I do not understand what we are being asked to do when the curriculum says… (ECS Version 6.0, page 246-247)….

“Now it is your turn, Text mining—analyzing word counts.

Demonstrate how to do the following:

This is a good opportunity to explain that the tweets are stored in an array or vector, where the numbers in front indicate the place the tweet is in the vector.

Arrays are an important concept in computer science. Storing items in an array allows us to access particular
elements, search and sort. Demo how to view the vector and point out that each of the array elements of the corpus matches the corresponding tweet in the data file.

Create a frequency table that separates out each word and counts how many times it appears in all the tweets.

Ask questions such as: What is the word that appears least frequently? What is the word that appears most frequently?

Demo how to produce frequency tables that show only the most frequently appearing words and the different sorting options.

Demo how to produce a bar chart of frequently occurring words.”…

I need help with understanding were to start with this… I’m lost?

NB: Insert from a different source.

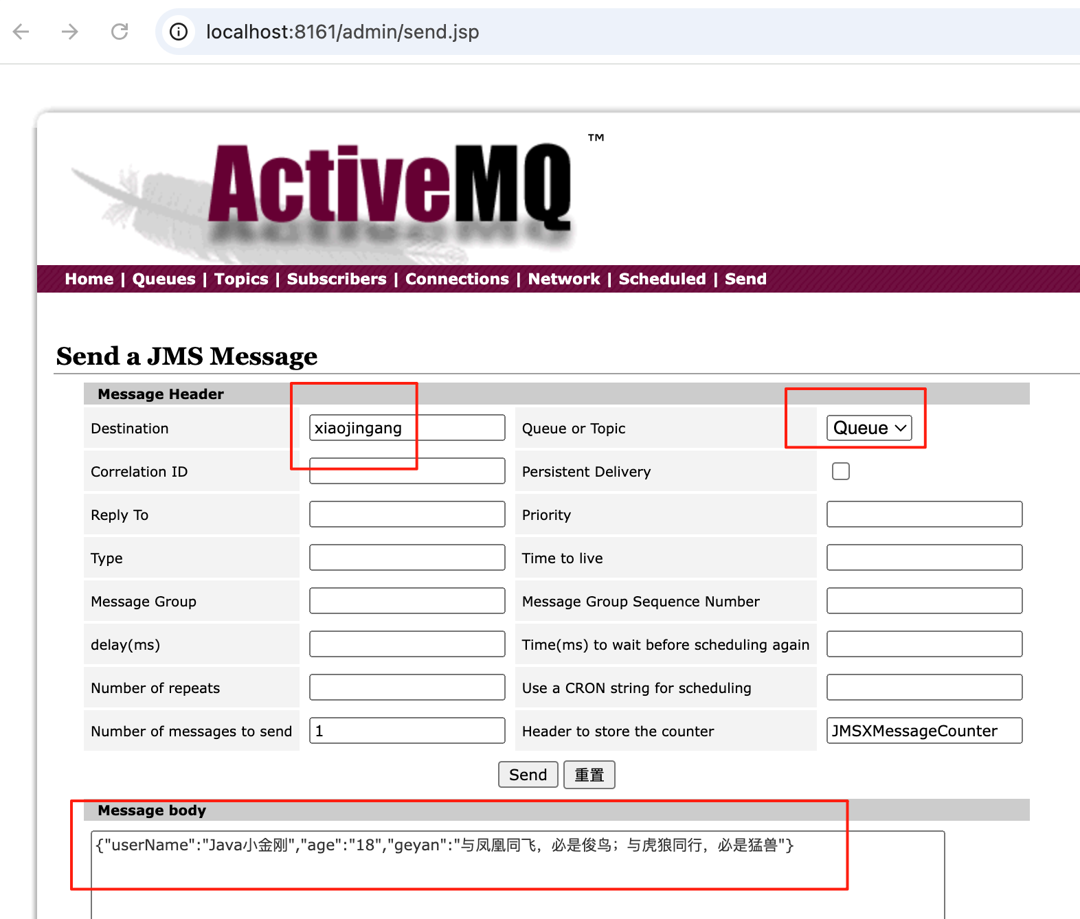 手动往ActiveMQ 发送消息,消息内容为{"userName":"Java小金刚","age":"18","geyan":"与凤凰同飞,必是俊鸟;与虎狼同行,必是猛兽"},如下图所示:

Help! :frowning:

@madohuf

To clarify your question… Have you looked at the activities that follow the lesson outline? I just want to know if you need to know what to do or how to do it.

Andrea

How to do it… specifically…

Demonstrate how to do the following:

“This is a good opportunity to explain that the tweets are stored in an array or vector, where the numbers in front indicate the place the tweet is in the vector.”

Not sure what is meant by the terms… array & vector,

“Demo how to view the vector and point out that each of the array elements of the corpus matches the corresponding tweet in the data file.”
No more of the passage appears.